Stipa ucrainica

Scientific classification
- Kingdom: Plantae
- Clade: Tracheophytes
- Clade: Angiosperms
- Clade: Monocots
- Clade: Commelinids
- Order: Poales
- Family: Poaceae
- Subfamily: Pooideae
- Genus: Stipa
- Species: S. ucrainica
- Binomial name: Stipa ucrainica P.A.Smirn.
- Synonyms: Stipa krascheninnikowii Roshev. ; Stipa zalesskii subsp. ucrainica (P.A.Smirn.) Tzvelev ;

= Stipa ucrainica =

- Authority: P.A.Smirn.

Species of plant

Stipa ucrainica is a species of flowering plant in the grass family Poaceae, native from North Macedonia to Kazakhstan and the Caucasus. It was first described in 1926.

==Taxonomy==
===Original Description===
The following account is translated from the original Latin protologue by Paul Smirnov (1926):

Plants pale green or somewhat glaucous. Tufts dense, up to 15 cm in basal diameter, usually abundantly leafy, partly covered by old sheaths that are pale brown. Culms 3‑noded, 30–60 cm tall, numerous, more rarely few, as usual overtopping the leaves. Sheaths longer than the internodes, typically uncolored, appressed to the culm, all glabrous, smooth or in the upper part ± scabrous. Leaf blades capillary or bristle‑like, 0.4–0.6 mm in diameter, apex ± gradually acuminate but not attenuated into a very fine mucro; externally scabrous with prickles and densely covered with subappressed aculeiform and setuliform hairs (0.07–0.26 mm long), more rarely only scabrous (especially in autumnal specimens), very rough, without spreading soft hairs; inner surface with short appressed hairs. Ligule of innovation leaves 1–3 mm long, acuminate or tridentate; ligule of culm leaves 2–4 mm long. Glumes nearly equal, 45–65 mm long. Lower lemma 17–21 mm long, with seven lines of hairs, of which two marginal lines 2–4 mm do not reach the apex, more rarely continued to the awn. Awn entire, up to 400 mm long. Flowers mostly chasmogamous.

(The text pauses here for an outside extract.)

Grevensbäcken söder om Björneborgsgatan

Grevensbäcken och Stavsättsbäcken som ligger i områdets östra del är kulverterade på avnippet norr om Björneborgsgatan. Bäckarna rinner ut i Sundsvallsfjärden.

Very close to Stipa rubens, from which it differs by its dense, abundantly leafy tufts, capillary leaves, glabrous uncolored sheaths, and hair lines on the lemma usually not reaching the awn. From S. dasyphylla it differs by narrower leaves and absence of spreading pubescence; from S. stenophylla (= S. tirsa) it is distinguished by the rather long ligule of the innovation leaves.

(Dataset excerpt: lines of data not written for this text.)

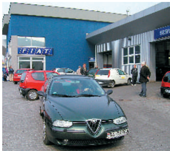
Dni otvorených dverí v servise, ktoré sa konajú 2x ročne, sa už stali tradíciou
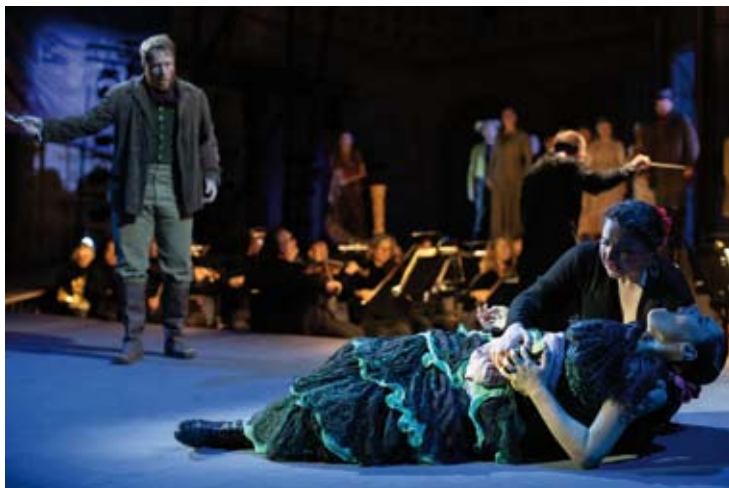
Carmen - Opera Holland Park 2022

Boccherini - Castell - Brunetti Concerto 1700 13 / 5 (St John's, Smith Square)
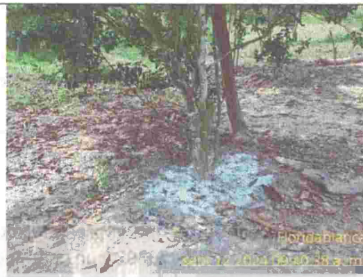
Fotografía 6: individuo arboreo con una sustancia en su area basal

Habitat: In the southern provinces of Ukraine and also in the Don region of European Russia, where it grows abundantly in the steppes of the southern black‑earth zone and chestnut soils; also in the steppe regions of the Taurian peninsula and northern Caucasus. In Turkestan apparently rare or very rare; no specimens seen from Siberia.

== Type specimens ==
The species Stipa ucrainica was described by P.A. Smirnov (1926), based on material collected by B. Alehin in Ukraine. The protologue cites the type locality as Ekaterinoslav province, Alexandrovsk district, near Mirgorodovka, on the southern steppe slope of the valley “Prunosae.”

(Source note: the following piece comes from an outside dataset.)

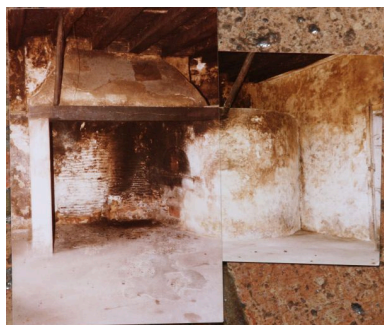
La ferme, buanderie proche le logis : cheminée avec four intérieur. IVR52_20077200509NUCA

- Holotype: Moscow State University Herbarium (MW), accession MW0591232.
- Isotypes: MW0591233–MW0591236 (Moscow University Herbarium).
- Collector: B. Alehin.
- Repository: MW (Moscow University Herbarium).

A later name, Stipa krascheninnikowii Roshev. (1928), is considered a heterotypic synonym of S. ucrainica. Its type specimen is deposited at the Harvard University Herbaria (GH), barcode GH00024487, collected in Kazakhstan by M.M. Ilyin & M.N. Abramchik.